Established in 1920, the consumer electronics giant Matsushita was at the forefront of the rise of Japan to the status of major economic power during the 1970s and 1980s. Like many other long-standing Japanese businesses, Matsushita was regarded as a bastion of traditional Japanese values based on strong group identification, reciprocal obligations, and loyalty to the company. Several commentators attributed Matsushita's success, and that of the Japanese economy, to the existence of Confucian values in the workplace. At Matsushita, employees were taken care of by the company from "cradle to the grave." Matsushita provided them with a wide range of benefits including cheap housing, guaranteed lifetime employment, seniority-based pay systems, and generous retirement bonuses. In return, Matsushita expected, and got, loyalty and hard work from its employees. To Japan's postwar generation, struggling to recover from the humiliation of defeat, it seemed like a fair bargain. The employees worked hard for the greater good of Matsushita, and Matsushita reciprocated by bestowing "blessings " on employees.
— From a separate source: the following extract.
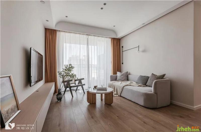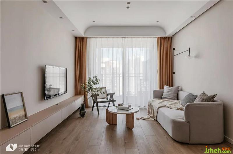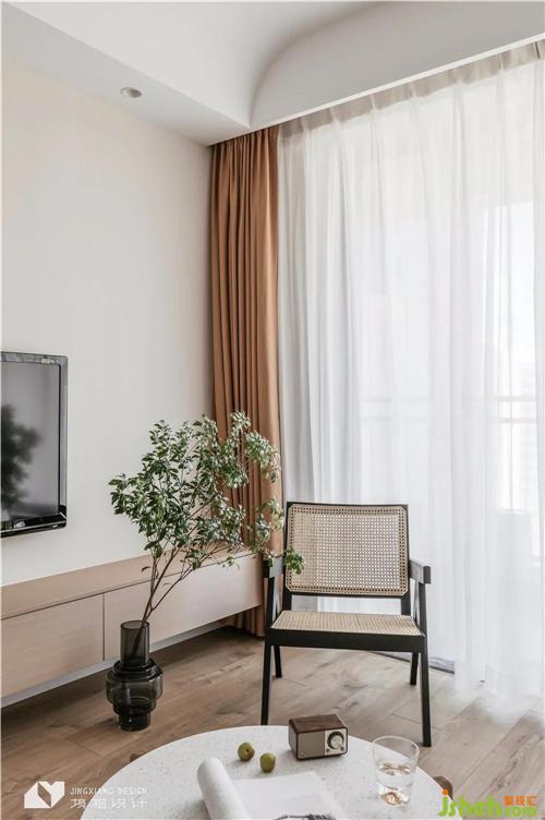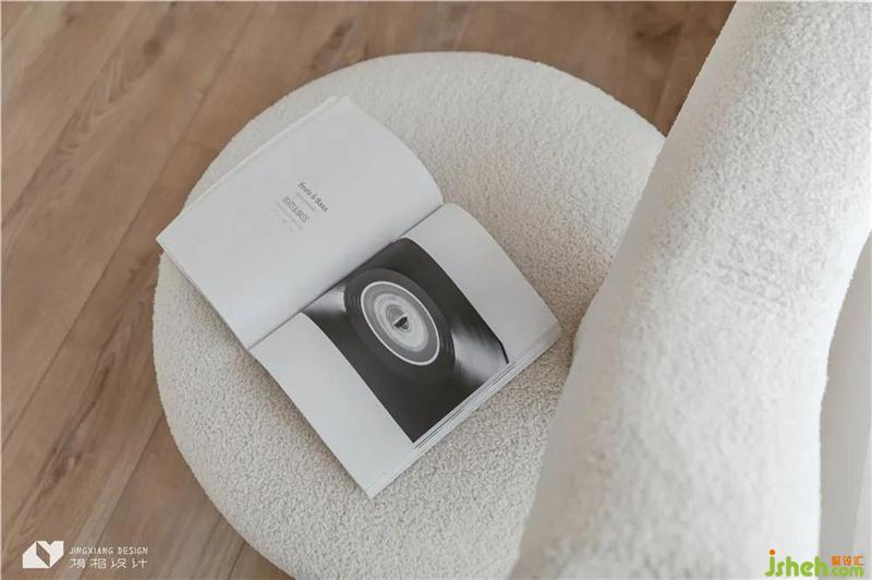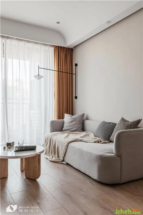 The ceiling of the living room is curved at the corner. The smooth arc echoes with the emotion transmitted by the log and plain white, and the space is quiet and peaceful. The appearance of sofa is also mixed with mild arc, and the spatial integrity is more prominent.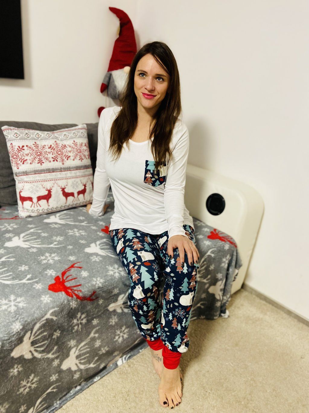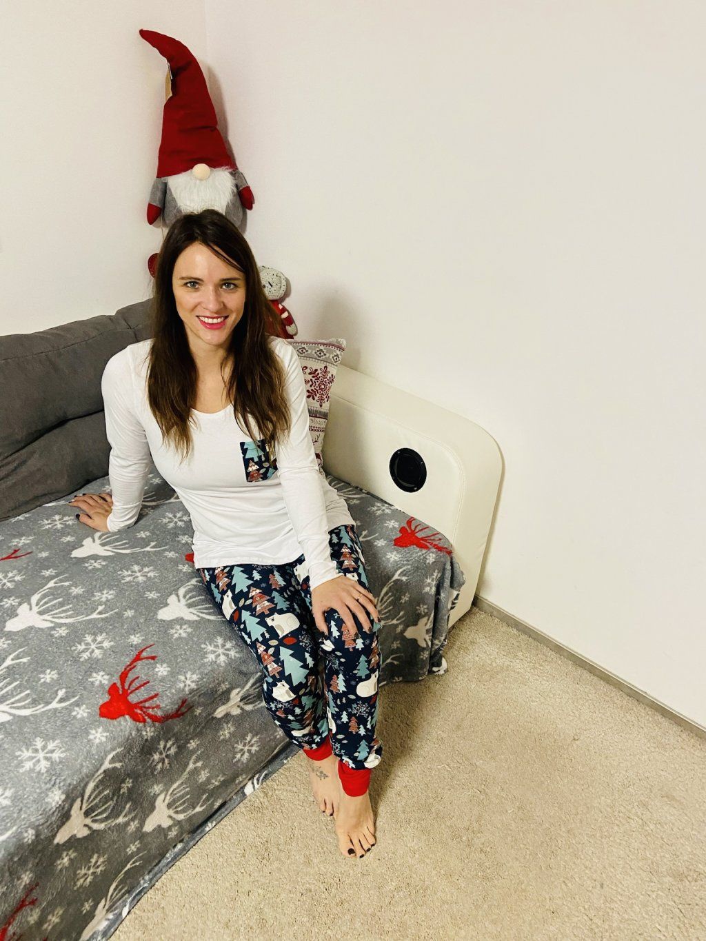 Pyžámko sedí akorát, je spíš volnější, nedoporučujeme brát větší velikost.

However, culture does not stay constant. According to some observers, the generation born after 1964 lacked the same commitment to traditional Japanese values as their parents. They grew up in a world that was richer, where Western ideas were beginning to make themselves felt, and where the possibilities seemed greater. They did not want to be tied to a company for life, to be a "salaryman." These trends came to the fore in the 1990s, when the Japanese economy entered a prolonged economic slump. As the decade progressed, one Japanese firm after another was forced to change its traditional ways of doing business. Slowly at first, troubled companies started to lay off older workers, effectively abandoning lifetime employment guarantees. As younger people saw this happening, they concluded that loyalty to a company might not be reciprocated, effectively undermining one of the central bargains made in postwar Japan.
Matsushita was one of the last companies to tum its back on Japanese traditions, but in 1998, after years of poor performance, it began to modify traditional practices. The principal agents of change were a group of managers who had extensive experience in Matsushita's overseas operations, and included Kunio Nakamura, who became the chief executive of Matsushita in 2000. Nakamura has said the time he spent as a manager of Matsushita subsidiaries in the United States had a strong impact on him, particularly observing how American managers such as Lou Gestner (who turned around IBM) moved quickly to restructure troubled companies.
Under Nakamura, Matsushita changed the pay scheme for its 11,000 managers. In the past, the traditional twice-a-year bonuses had been based almost entirely on seniority, but now Matsushita said they would be based on performance. Matsushita announced this process would be made transparent; managers would be shown what their performance rankings were and how these fed into pay bonuses. As elementary as this might sound in the West, for Matsushita it represented the beginning of a revolution in human resource practices.